* [Data section]:
****************************************
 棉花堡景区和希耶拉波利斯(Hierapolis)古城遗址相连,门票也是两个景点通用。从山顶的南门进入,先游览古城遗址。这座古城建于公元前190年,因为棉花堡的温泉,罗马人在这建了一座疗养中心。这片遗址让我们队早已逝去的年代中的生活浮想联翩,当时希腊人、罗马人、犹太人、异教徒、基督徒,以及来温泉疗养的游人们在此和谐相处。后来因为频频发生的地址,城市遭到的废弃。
****************************************
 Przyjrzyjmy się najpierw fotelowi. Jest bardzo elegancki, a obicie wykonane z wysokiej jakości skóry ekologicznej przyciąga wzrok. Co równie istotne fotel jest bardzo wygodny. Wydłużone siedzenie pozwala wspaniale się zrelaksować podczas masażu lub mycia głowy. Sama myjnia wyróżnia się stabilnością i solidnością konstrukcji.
****************************************
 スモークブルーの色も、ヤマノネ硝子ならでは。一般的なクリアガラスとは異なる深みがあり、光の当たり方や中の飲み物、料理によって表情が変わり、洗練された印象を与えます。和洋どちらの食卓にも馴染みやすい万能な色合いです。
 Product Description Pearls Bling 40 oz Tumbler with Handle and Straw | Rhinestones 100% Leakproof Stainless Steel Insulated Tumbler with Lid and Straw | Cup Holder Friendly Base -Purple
****************************************
* [Prompt]:
When you reach the line with "スモークブルーの色も、ヤマノ" in the records above, start writing out lines exactly, and stop once the line with "Product Description Pearls" has been written; include nothing else.

* [Result]:
 スモークブルーの色も、ヤマノネ硝子ならでは。一般的なクリアガラスとは異なる深みがあり、光の当たり方や中の飲み物、料理によって表情が変わり、洗練された印象を与えます。和洋どちらの食卓にも馴染みやすい万能な色合いです。
 Product Description Pearls Bling 40 oz Tumbler with Handle and Straw | Rhinestones 100% Leakproof Stainless Steel Insulated Tumbler with Lid and Straw | Cup Holder Friendly Base -Purple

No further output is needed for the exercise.